Overall, the majority of the interventions discussed in the studies did not include strategies for addressing cultural or resource-related barriers. However, the articles identified external collaborations with larger international agencies including the International Labor Organization and the United Nations (e.g., Blakemore et al., Citation2019) and international foundations like the Conrad N. Hilton Foundation (Lucio et al., Citation2020) as being fundamental to funding and training for implementing the interventions.

Implementation Outcomes

In terms of seven implementation outcomes, overall the studies were most explicit about acceptability and costs (Proctor et al., Citation2011). Only one study, Sensoy Bahar et al. (Citation2020), included a measurable strategy for assessing implementation outcomes. Her team focused on two outcomes: feasibility as measured by enrollment rates of 70% and higher, and acceptability as assessed by the Client Satisfaction Questionnaire (csqscales.com).

Acceptability

Three studies included implementation strategies to promote acceptability: De Bruin Cardoso et al. (Citation2020), Lucio et al. (Citation2020), and Sensoy Bahar et al. (Citation2020) (see Implementation Strategies subsection for a description). Most (n = 9) of the studies, however, described the interventions as unacceptable to their target populations, with the interventionists having no implementation strategies to address unacceptability. For example, the long length of stay at a shelter for sex trafficking survivors where they could not work or earn any money, due to long waits for court dates, was described as rendering services unacceptable, but the service providers were unable to change these conditions (Botha & Warria, Citation2020, Citation2021; Warria, Citation2018). For child labor directed interventions that promote schooling in place of children’s work, unacceptability was generated by a frank mismatch between families’ needs and the support offered by these interventions. Yeboah and Daniel (Citation2021), Zibagwe et al. (Citation2013) and Hilson (Citation2008, Citation2010) all reported that children, parents and employers shared that children’s labor was still needed to sustain their families despite food, cash or other forms of support given, and that the monies given to school fees still left families struggling to cover other costs incidental to school attendance, such as books and uniforms.

Cost

Implementation costs were described by eight studies as having a negative impact on other implementation outcomes and intervention effectiveness; implementors in these studies did not have strategies for addressing cost. Despite the support of foreign organizations who worked with local partners, costs negatively impacted several implementation outcomes such as feasibility, fidelity, penetration and sustainability (e.g., Emser & Francis, Citation2017). For instance, while long-term aftercare was seen as necessary for survivors of sex trafficking, such services cost too much (e.g., Botha & Warria, Citation2020) and social protection programs that provided nonconditional food or food/cash for work were not able to provide enough food for their recipients (e.g., Zibagwe et al., Citation2013). Hilson (Citation2008; Hilson, Citation2010) reported that Operation Sunlight was not carried out as planned (poor fidelity) – schools that recipients attended did not receive the promised school fees due to the program being under-funded, and local officials expressed concerns about the sustainability upon the end of funding by international organizations. The feasibility of having a task force to address sex trafficking and shelter services was affected by costs, as agencies were not able to provide the full extent of necessary resources and training to staff (e.g., Emser & Francis, Citation2017). Material and time costs also limited the adoption and penetration of successful human trafficking interventions (e.g., Emser & Francis, Citation2017; Yeboah & Daniel, Citation2021).

Discussion

In exploring the question “What is the state of implementation research in human trafficking interventions in sub-Saharan Africa?,” we identified 12 articles reporting on implementation. Only a few types of trafficking were addressed in the retrieved articles despite a search strategy designed to retrieve intervention efforts for a wide range of trafficking activities in SSA, and only three of the twelve described implementation strategies to address barriers and improve implementation outcomes for specific interventions, suggesting that implementation research in human trafficking in this region is still in a very early stage.

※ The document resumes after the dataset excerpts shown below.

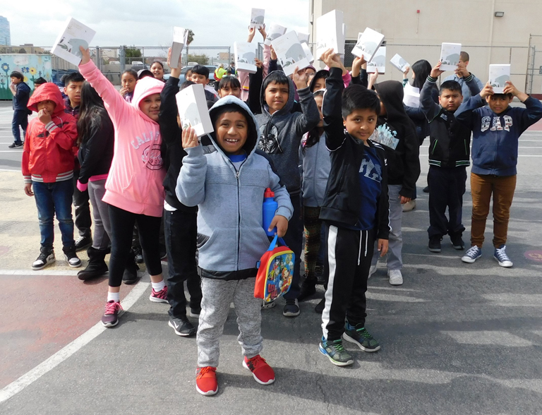 The end of recess took on a celebratory twist at Union Avenue Elementary School in Los Angeles when the Kiwanis Club of La Cañada recently distributed new dictionaries to nearly 200 third grade students. Under the guidance of their teachers, students were able to receive their dictionaries in lightning fast speed!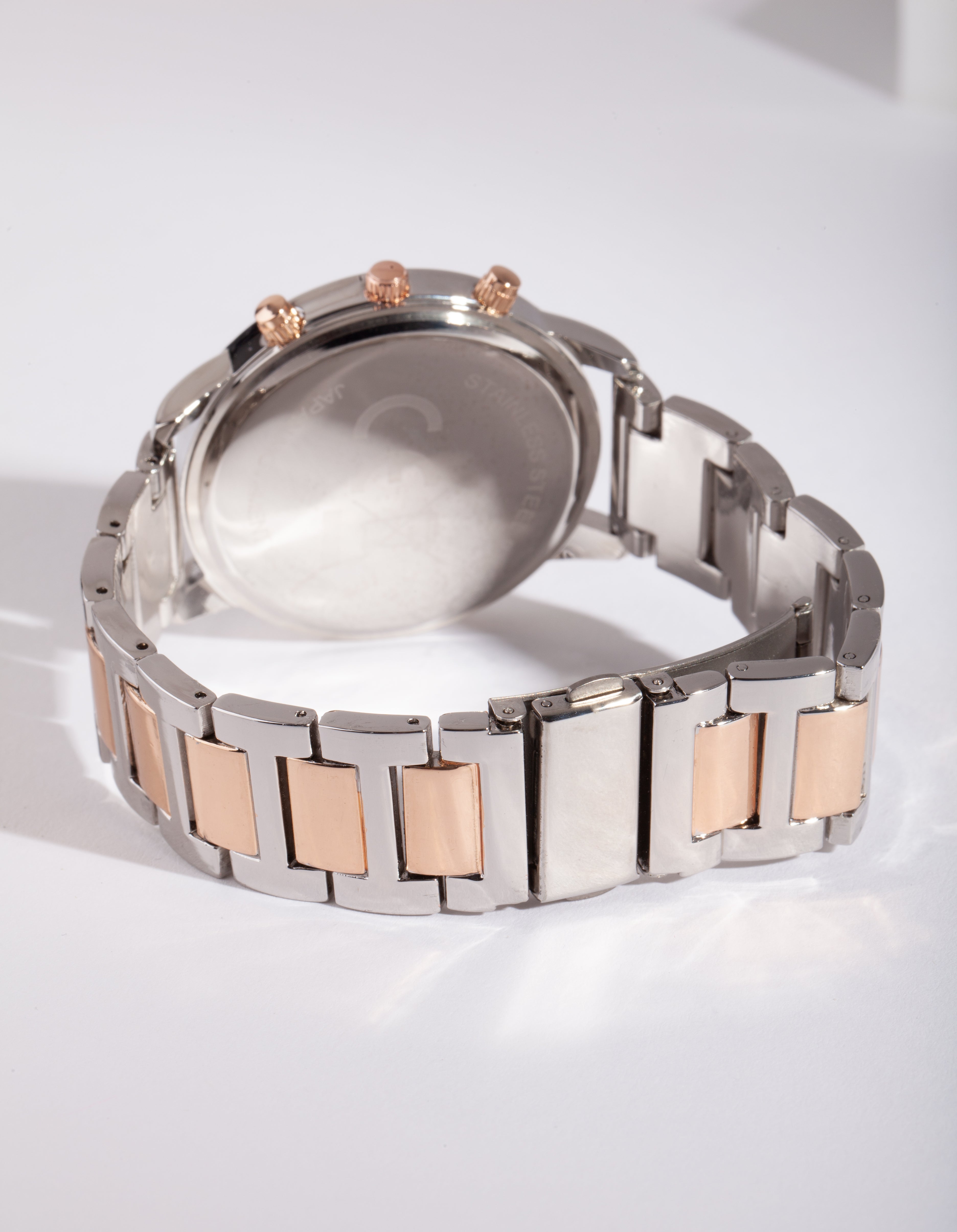 Style this gold and silver, two-toned diamante watch and add a hint of glamour to your outfit.
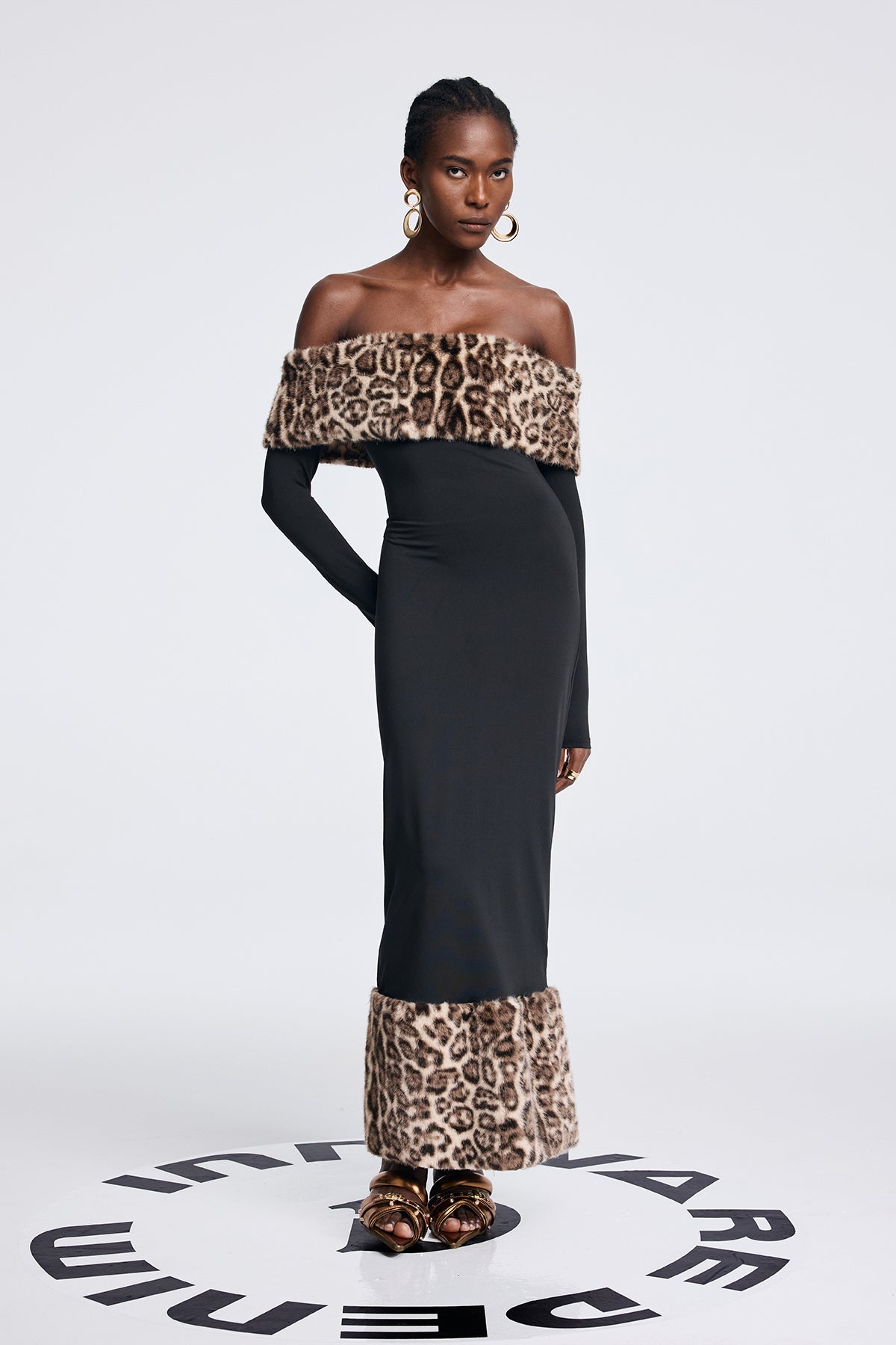 Anya Omuz Açık Leopar Uzun Elbise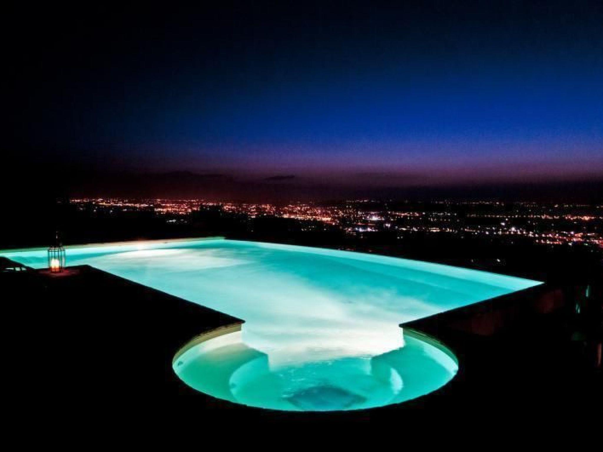 Outside there is a large and bright veranda furnished with table, chairs and deckchairs, where it is possible to sunbathe quietly, have wonderful al fresco breakfasts or romantic dinners, and where our guests can relax whenever they wish, enjoying a suggestive view in complete peace. The beautiful swimming pool (10.5 x 7.5 m) with salt water system and whirlpool area, equipped with sun loungers, table and chairs, is surrounded by lawn and framed by rolling hills, an ideal place to relax and take a refreshing dip. It was built near the olive grove, far from any noise that might disturb the tranquillity of those who prefer to enjoy the quiet of the Tuscan countryside. Use of the pool is reserved for guests and the owners who live in the house next door. The property is also equipped with heating, a mains socket for internet connection, washing machine, iron and ironing board, barbecue, kettle, moka and American coffee machine, safe, alarm system, ceiling fans, first-aid kit, hair dryer, torch, automatic gate, free covered parking and a spacious, independent garden. The house is located in a particularly charming part of Chianti, above the Arno valley and about 230 metres above sea level. The most famous Tuscan cities are all within easy reach: only 20 minutes from Florence, 10 minutes from Vinci and San Miniato, 30 minutes from Pisa, 50 minutes from Siena, Volterra, Monteriggioni and San Gimignano. The structure follows the formula of the 5 basic ingredients: Personality, Courtesy, Tranquillity, Charm, Satisfaction of our guests.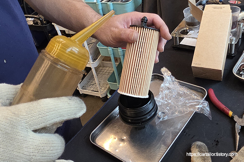 전용 세정제를 이용해 세척 및 건조를 마친 필터캡에 신유를 바른 신품 오링과 카트리지 필터를 결합합니다. 필터캡을 손으로 돌려준 뒤, 토크렌치를 이용해 규정 토크로 체결합니다.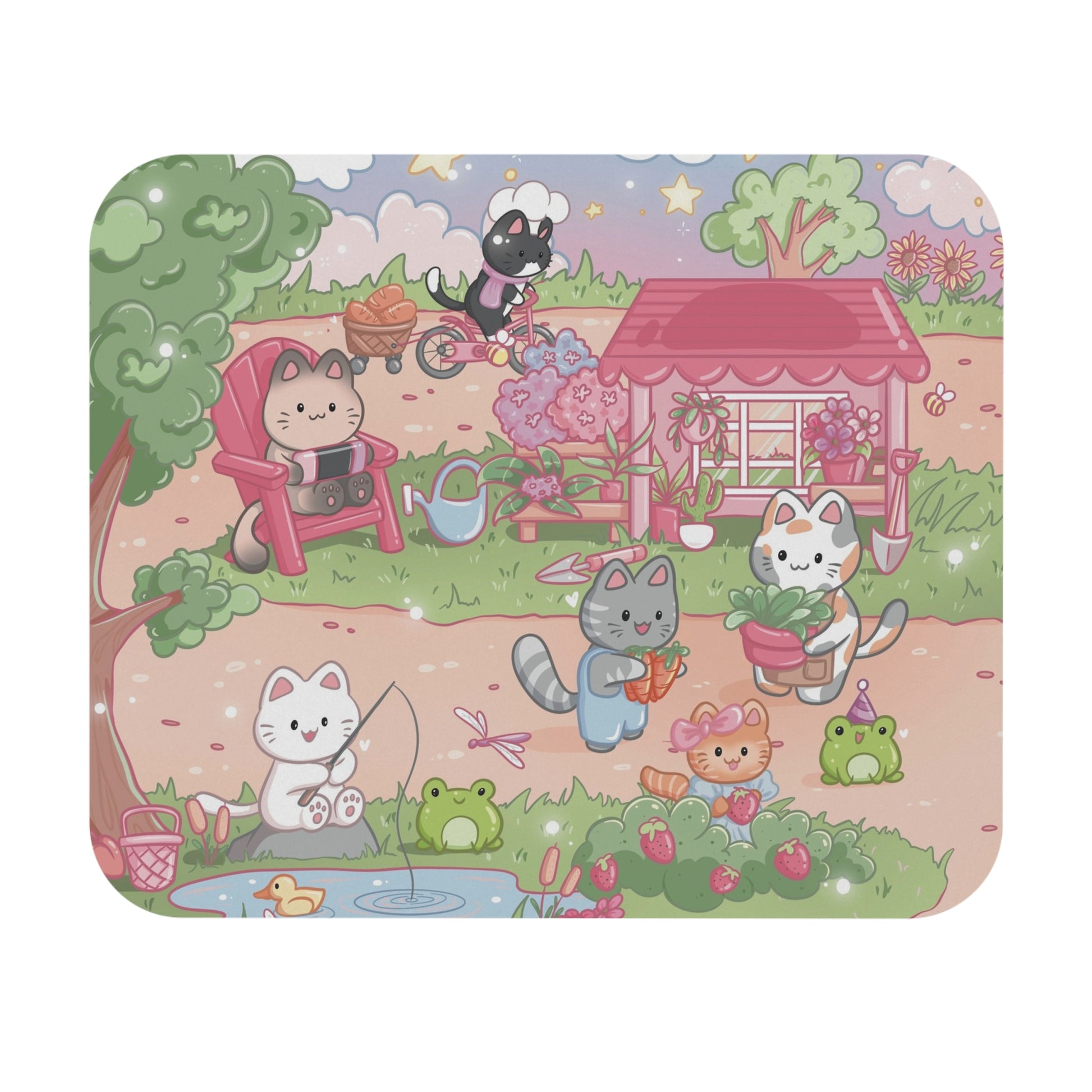 Created to enhance anyone’s online browsing and gaming experience, these personalized mousepads come with our hand illustrated Cozy Gamer Cats scene, and feature adorable kittens going about their daily gamer duties - gardening, fishing, cooking and more. Thanks to the rubber base, your mouse pad has a firm grip on the desk, while your design goes on the stain-resistant cloth top side. With a 1/16th” thickness, you’ll find this mouse pad delivers smooth mouse sliding action for both working and playing. A perfect addition to any cozy gaming desk setup or for gifting to a friend!

Overall, the reviewed studies generated more robust information about barriers (to acceptability and costs) than details about how acceptability and costs were addressed by the implementation strategies. Nonetheless, insights from the authors who highlighted how local perspectives on poverty, gender norms, child labor, and family expectations differ from the perspectives of implementers suggest that this distinction be first addressed as a fundamental step toward improving service implementation. This is critical because, as demonstrated by these authors, such differences not only diminish both the effectiveness and acceptability of the interventions to the clients but also cause social and material harm. For instance, unsuccessful child labor reduction programs not only create the loss of children’s income with little chance of the child gaining an education in a context where that education would provide access to livable wage employment (e.g., Hilson, Citation2008, Citation2010) but also diminish children’s status or roles in the family, as children’s contributions to their family through work is viewed as a sign of maturity and responsibility (e.g., Yeboah & Daniel, Citation2021).

For shelter-based services, distinctions between what service providers consider as necessary “safety” and “security” measures and what clients consider as such also need to be addressed (e.g., Botha & Warria, Citation2020). Again, these differences led to intervention failure and mistrust between client and providers, such as increased stigmatization, loss of income, mistrust of service providers, and risk of abuse by law enforcement personnel. Similarly, the authors who highlighted how insensitivity to the local context of implementation, such as the lack of decent schools (e.g., Hilson, Citation2008) and the farming cycle combined with lack of child labor-saving assets (e.g., Zibagwe et al., Citation2013), either failed to decrease child labor or inadvertently increased child labor, suggest that pre-implementation studies that assess for local and cultural factors is an essential first step. Engaging survivors in intervention and implementation design is essential for improving the fit between interventions and implementation strategies and the local context. Sensoy Bahar et al. (Citation2020) exemplified this practice by addressing both cultural and contextual factors in their study protocol, which involved gathering community stakeholders to be involved in adapting their intervention to the target community, training facilitators from the local community to deliver the intervention, and conducting ongoing process evaluation to assess satisfaction, obstacles to program, and barriers/motivators to participation. Their study may provide a feasible, participatory model for the simultaneous study of implementation and intervention effectiveness in a low resource rural community.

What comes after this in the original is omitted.